4. Adopt A Morning Routine
Now, even if all else fails and you wake up a hot mess, a solid morning routine can save your day.
If you wake up a disaster and then rush through the morning, running around completely unprepared and disorganized, will that add to your calm?
On the other hand, allowing enough time and having a set routine that you can complete on auto-pilot has great potential to turn your morning around.
5. Make Movement A Part Of Your Morning Routine
Last but not least…
Exercising has saved my mornings (and therefore the rest of the day) more times than I can count.

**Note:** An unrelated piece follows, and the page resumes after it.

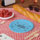 Soziale Distanz moderne Typografie Himmel blau lus Pappteller
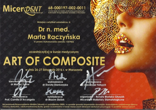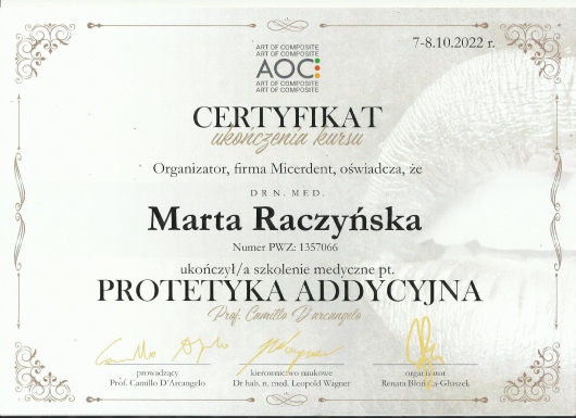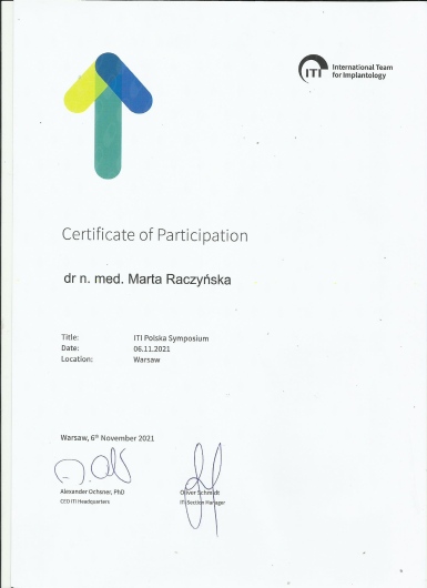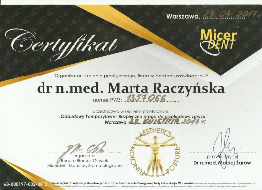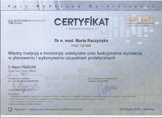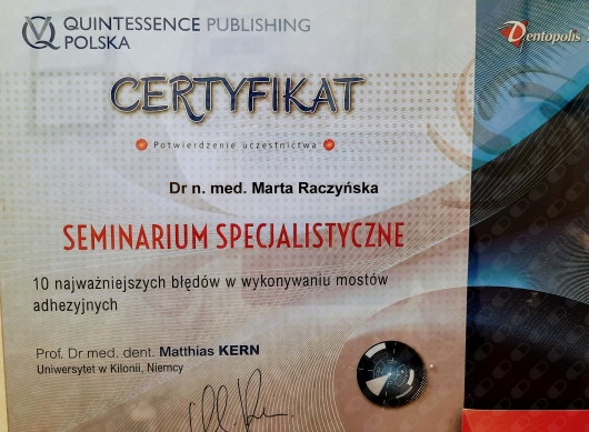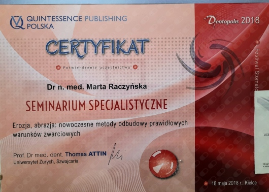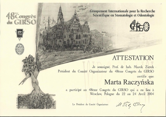 2004r- obrona pracy doktorskiej z dziedziny Stomatologii Minimalnie Inwazyjnej i uzyskanie tytułu naukowego doktora nauk medycznych.

This is the piece of the puzzle that will completely calm my body down even when all my other attempts afford only so-so results.
So if redirecting your thoughts, calm breathing + meditation, and getting into your morning routine don’t do the trick, try sweating it out. Jogging, dancing, ellipting, an exercise video… There are endless options.
And remember that in the long run, calm days -> calm nights -> calm mornings!